To_csv writes data to a file, and if it does not, it is automatically created.

Data1=data.to_csv ('/home/zhf/3.csv ')

You can also create separators at the time of writing

Data1=data.to_csv ('/home/zhf/3.csv ', sep= ' | ')

JSON file

JSON files are one of the most widely used data transfer files on HTTP, and here's how to get a JSON object into DataFrame

in [+]: Import JSON

in [+]: result=json.loads ('/home/zhf/test.json ')

In [approx]: data=json.dumps (Result)

In [PNS]: Ret=dataframe (data[' one '],columns=[' name ', ' age ')

There are many other files in the format, such as Html,xml, database and so on. These files are read and written in the same way as in python . There is no longer a description here.

Python Data analysis: Data loading, storage and file formats

Related Article

Contact Us

The content source of this page is from Internet, which doesn't represent Alibaba Cloud's opinion; products and services mentioned on that page don't have any relationship with Alibaba Cloud. If the content of the page makes you feel confusing, please write us an email, we will handle the problem within 5 days after receiving your email.
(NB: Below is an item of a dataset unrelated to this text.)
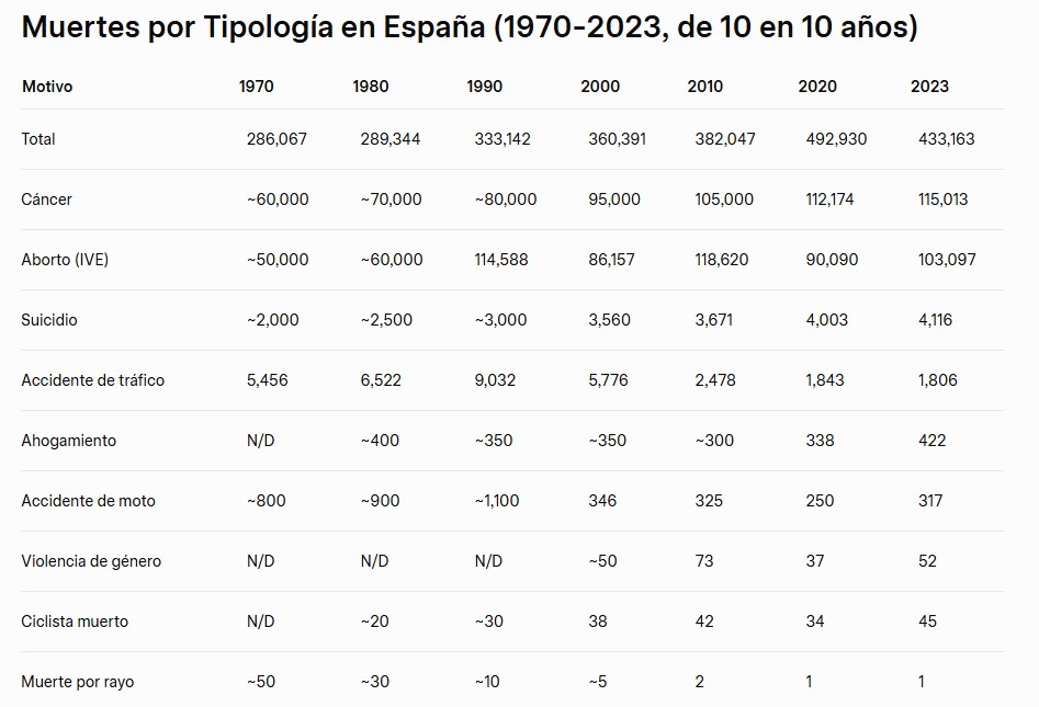 Fuentes: INE (total, cáncer, suicidio), Ministerio de Sanidad (aborto), DGT (tráfico, moto, ciclista), RFESS (ahogamiento), Ministerio de Igualdad (violencia de género), AEMET/INE (rayo).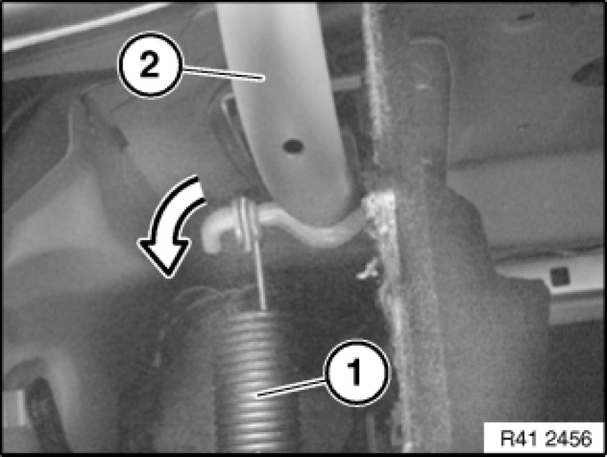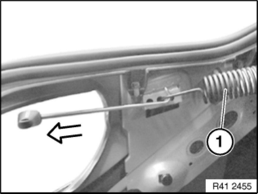 Attach special tool 51 3 290 51 3 290 Hook wrench in tension spring (1) and pull towards rear.

If you find any instances of plagiarism from the community, please send an email to: info-contact@alibabacloud.com and provide relevant evidence. A staff member will contact you within 5 working days.

A Free Trial That Lets You Build Big!

Start building with 50+ products and up to 12 months usage for Elastic Compute Service

  • Sales Support

    1 on 1 presale consultation

  • After-Sales Support

    24/7 Technical Support 6 Free Tickets per Quarter Faster Response

  • Alibaba Cloud offers highly flexible support services tailored to meet your exact needs.